Task statement:
For this exercise, output exactly the lines from the opening line of the listing through the line with "Navy Blue Slender", skipping pictures.

Data excerpt:
-=-=-

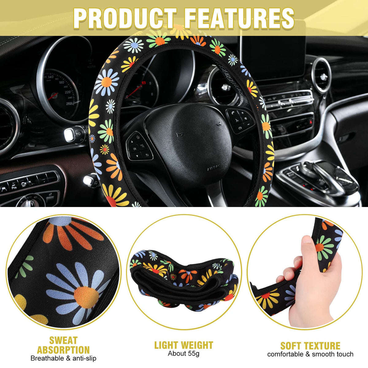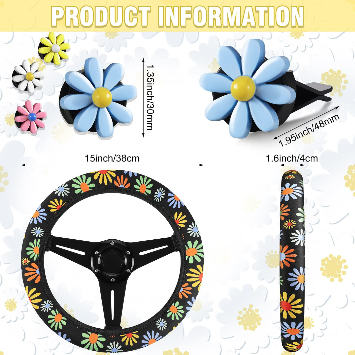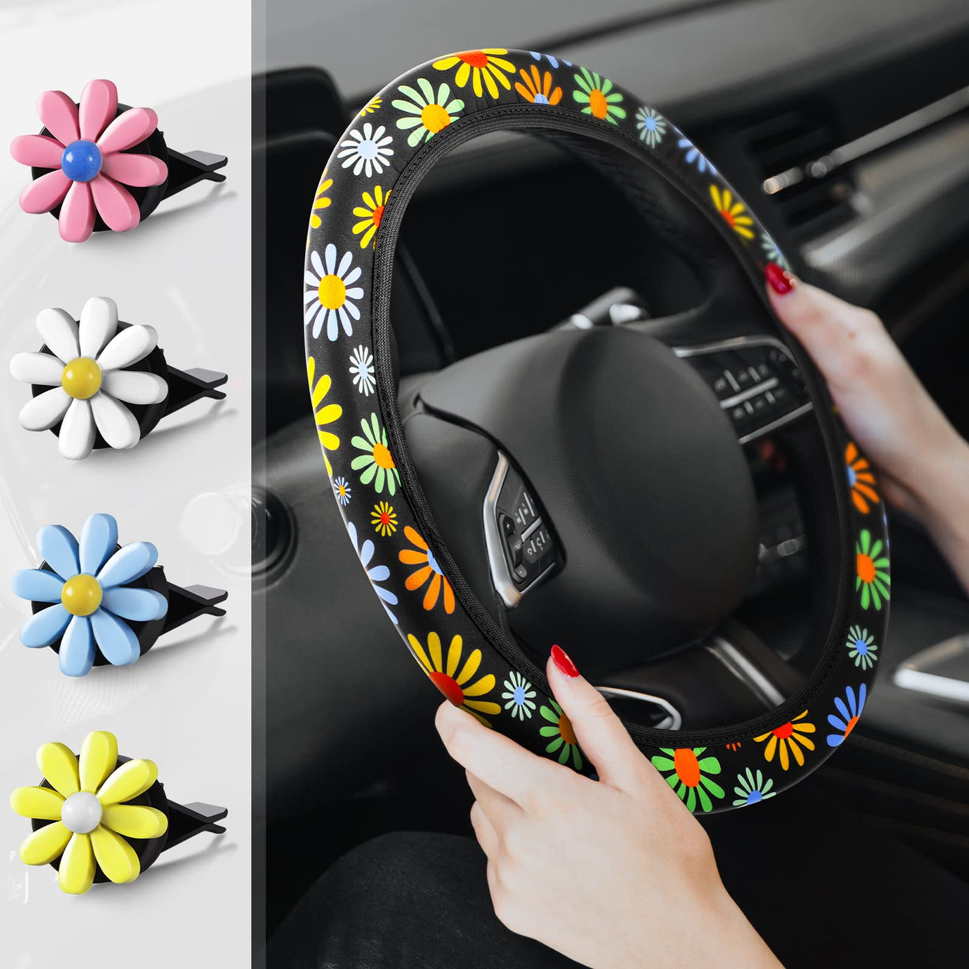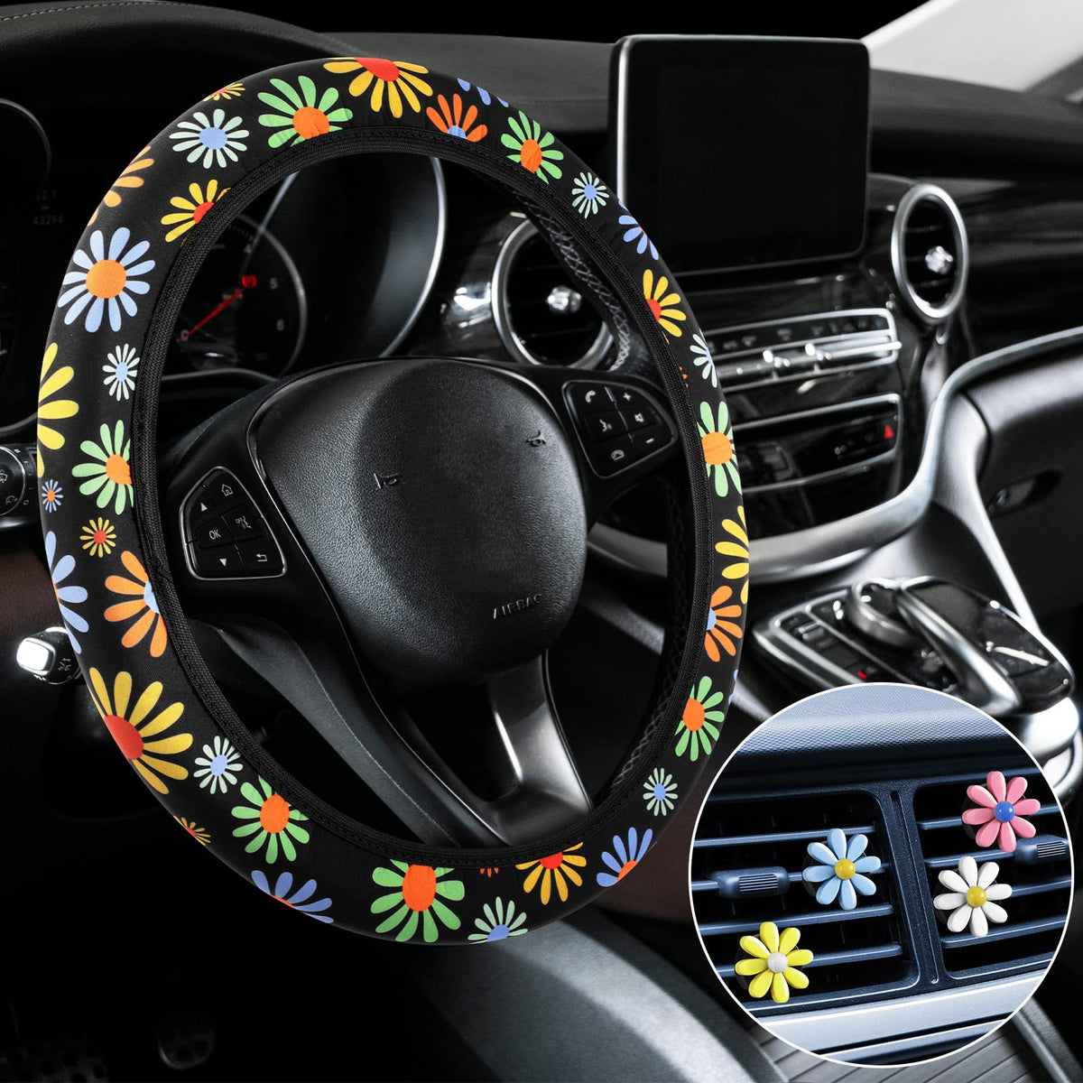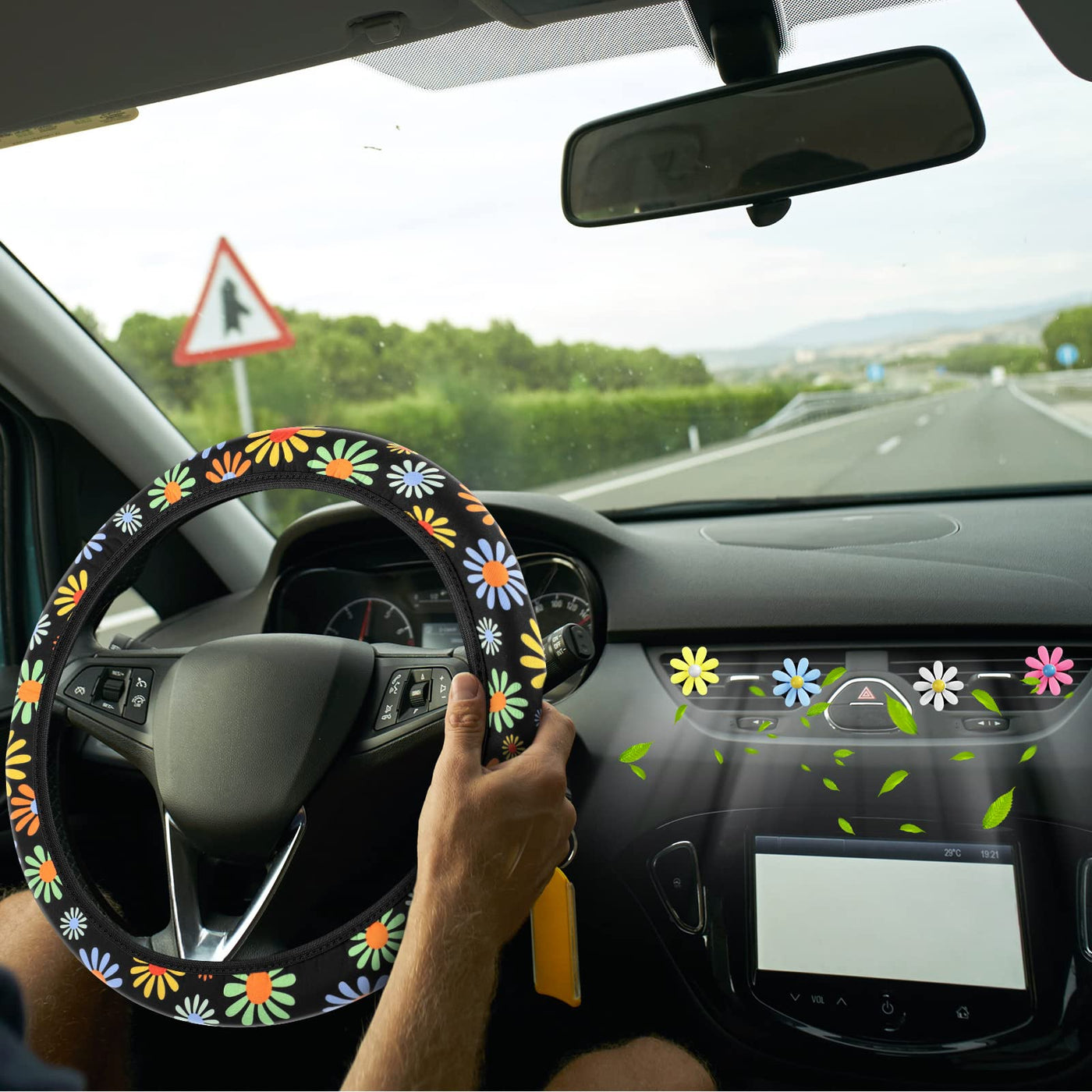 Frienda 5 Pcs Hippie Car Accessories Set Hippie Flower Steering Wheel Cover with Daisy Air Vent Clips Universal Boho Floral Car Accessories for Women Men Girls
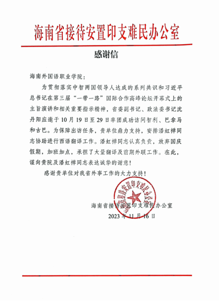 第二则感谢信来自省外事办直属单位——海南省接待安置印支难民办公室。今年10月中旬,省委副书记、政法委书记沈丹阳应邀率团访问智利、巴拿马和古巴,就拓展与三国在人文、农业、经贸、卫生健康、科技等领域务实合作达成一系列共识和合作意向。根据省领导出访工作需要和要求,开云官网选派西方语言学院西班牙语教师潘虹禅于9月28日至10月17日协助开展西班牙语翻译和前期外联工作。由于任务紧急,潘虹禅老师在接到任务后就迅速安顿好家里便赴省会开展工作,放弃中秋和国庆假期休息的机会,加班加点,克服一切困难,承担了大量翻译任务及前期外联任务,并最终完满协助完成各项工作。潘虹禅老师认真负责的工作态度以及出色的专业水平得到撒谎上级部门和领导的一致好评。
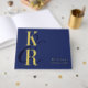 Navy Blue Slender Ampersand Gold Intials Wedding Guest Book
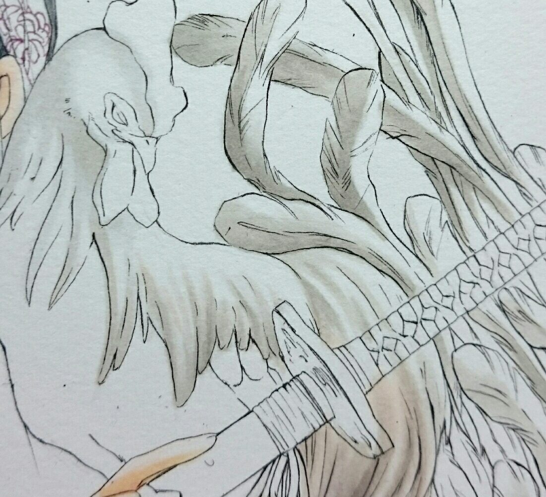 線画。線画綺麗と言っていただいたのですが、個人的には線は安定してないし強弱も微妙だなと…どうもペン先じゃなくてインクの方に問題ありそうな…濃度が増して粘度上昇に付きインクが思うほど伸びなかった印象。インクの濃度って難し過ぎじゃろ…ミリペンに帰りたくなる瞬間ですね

-=-=-

Answer box:
 Frienda 5 Pcs Hippie Car Accessories Set Hippie Flower Steering Wheel Cover with Daisy Air Vent Clips Universal Boho Floral Car Accessories for Women Men Girls
 第二则感谢信来自省外事办直属单位——海南省接待安置印支难民办公室。今年10月中旬,省委副书记、政法委书记沈丹阳应邀率团访问智利、巴拿马和古巴,就拓展与三国在人文、农业、经贸、卫生健康、科技等领域务实合作达成一系列共识和合作意向。根据省领导出访工作需要和要求,开云官网选派西方语言学院西班牙语教师潘虹禅于9月28日至10月17日协助开展西班牙语翻译和前期外联工作。由于任务紧急,潘虹禅老师在接到任务后就迅速安顿好家里便赴省会开展工作,放弃中秋和国庆假期休息的机会,加班加点,克服一切困难,承担了大量翻译任务及前期外联任务,并最终完满协助完成各项工作。潘虹禅老师认真负责的工作态度以及出色的专业水平得到撒谎上级部门和领导的一致好评。
 Navy Blue Slender Ampersand Gold Intials Wedding Guest Book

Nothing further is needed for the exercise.